Violence and vandalism does not solve economic issues

by Elijah Chihota

The orgy of violence which rocked Harare, Chitungwiza and Bulawayo among other centres this week was meant to put a damper on revamping the economy. The MDC and its surrogates of Non Governmental Organisations (NGOs) and Civil Society Organisations (CSOs) together with the labour body, the Zimbabwe Congress of Trade Unions (ZCTU) were determined to bring anarchy in the country.

Instead of solving the issues surrounding the reviving of the country’s economy, the MDC and the ZCTU chose to go on a nationwide shutdown thereby grinding any economic activity to a halt. They urged all workers to down their tools starting on Monday and that they should stay at home. However, there was a sad development as the so called peaceful shutdown turned violent with looting of TM and Choppies supermarkets as well as tuck shops.

Burning and looting became the order of the day until security forces stepped in to stop the mayhem.

The ZCTU was demanding that workers should be paid their salaries in US dollars. All people will agree that it is not possible at this time to do that. At the moment Government is seized with accessing foreign currency to purchase fuel, electricity and medical drugs among other essential goods and services. Therefore, it should be noted that all the foreign currency collected through taxes cannot be channelled to salaries, but to the essential items above.

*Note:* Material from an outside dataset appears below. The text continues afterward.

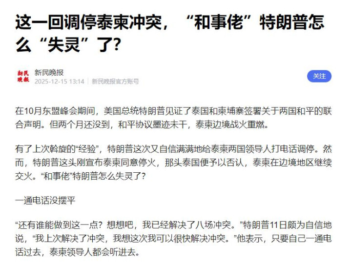 12月12日特朗普在社交媒体上高调宣布已经和两国领导人通电话,双方同意停火,他甚至暗示这是“诺贝尔和平奖”级别的成就,却没料到很快就被现实打脸。

The country has been facing a cash crisis since April 2015 and taking to the streets does not solve the matters at hand. Instead, people should rally behind the Minister of Finance and Economic Development, Professor Mthuli Ncube’s proposal to re-introduce the local currency within twelve months. This is a positive move which needs to be supported by all Zimbabweans. The new currency will allow the Reserve Bank of Zimbabwe to work on money supply and provision of foreign currency to critical sectors of the economy as well as rebuilding nostro accounts balances to allow trade to take place. The South African Minister of Finance, Tito Mboweni has thrown his weight and, by implication, that of his country behind Prof Ncube’s efforts. This is a very important regional seal of approval.

As a nation, the way forward would be to put our ideas together and support Government efforts in attracting investors. Calling for violence and vandalism of infrastructure is not in the interests of the nation therefore, it should be discarded.

President Emmerson Mnangagwa’s trip to Russia and other countries will go a long way in attracting potential investors in the fields of agriculture and mining given that they are the pillars of Zimbabwe’s economy. The trip will bring fruitful deals which will see the country becoming food sufficient again and exporting value added tobacco and a number of minerals.

Strong economic policies like the Transitional Stabilisation Programme (STP) will go a long way in facilitating the country’s attainment of Vision 2030 by transforming the society to an upper middle income by 2030. The World Bank also projected that the Zimbabwean economy will grow by 3.7 percent in 2019, which is a positive outlook.